A single stretch of the material below is to be transcribed exactly, starting at the line with "令和5年6月1日 福岡市長 高島 宗一郎" and ending after the line with "福岡市は、歴史や文化、豊かな".

Exercise material:
· · ·

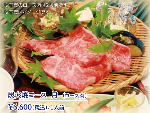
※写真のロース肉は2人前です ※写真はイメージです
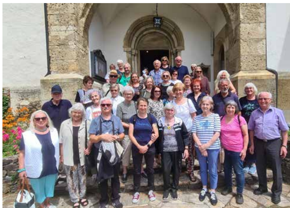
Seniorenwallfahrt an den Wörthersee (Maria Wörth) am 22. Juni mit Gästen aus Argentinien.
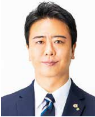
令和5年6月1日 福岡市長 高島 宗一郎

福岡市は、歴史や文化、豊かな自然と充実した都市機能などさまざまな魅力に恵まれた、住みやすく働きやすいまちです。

· · ·

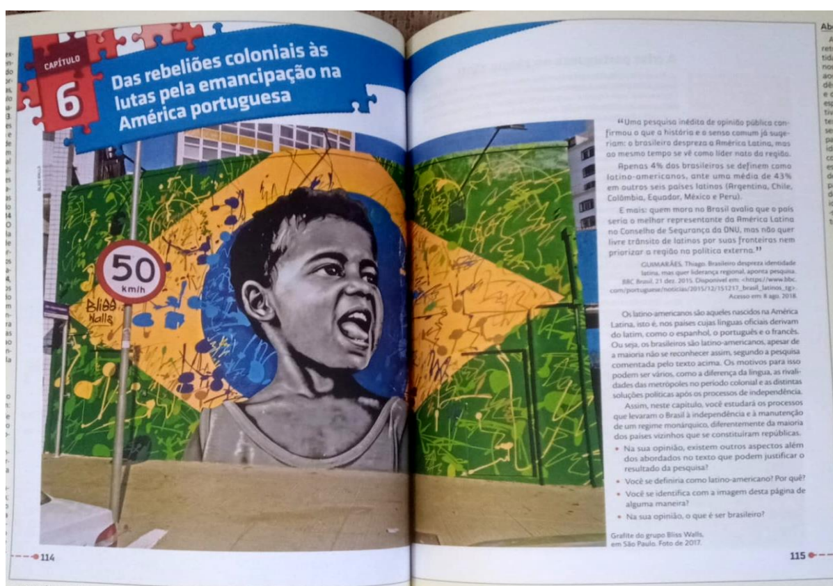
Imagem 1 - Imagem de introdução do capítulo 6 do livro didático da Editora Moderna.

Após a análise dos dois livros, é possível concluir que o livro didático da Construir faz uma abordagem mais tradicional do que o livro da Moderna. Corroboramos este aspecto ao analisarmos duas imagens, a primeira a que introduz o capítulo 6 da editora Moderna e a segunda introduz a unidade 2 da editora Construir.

· · ·

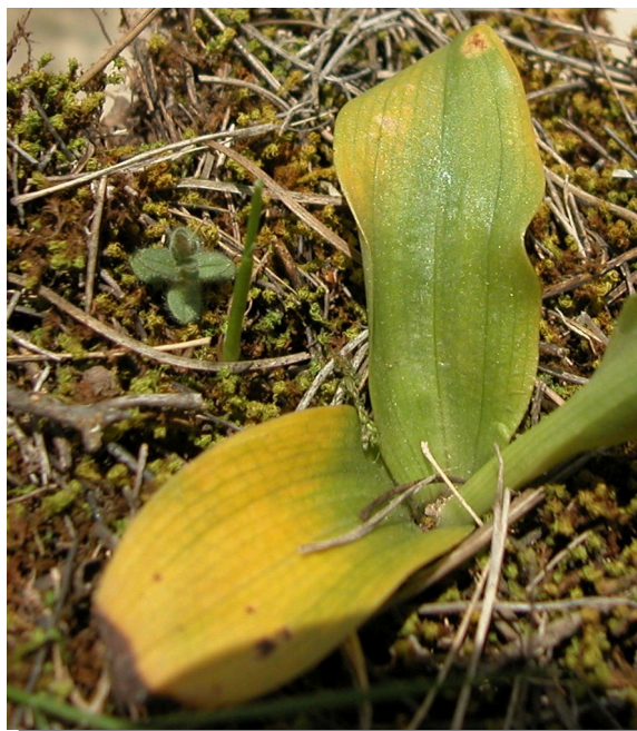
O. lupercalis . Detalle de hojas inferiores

· · ·

Answer box:
令和5年6月1日 福岡市長 高島 宗一郎

福岡市は、歴史や文化、豊かな自然と充実した都市機能などさまざまな魅力に恵まれた、住みやすく働きやすいまちです。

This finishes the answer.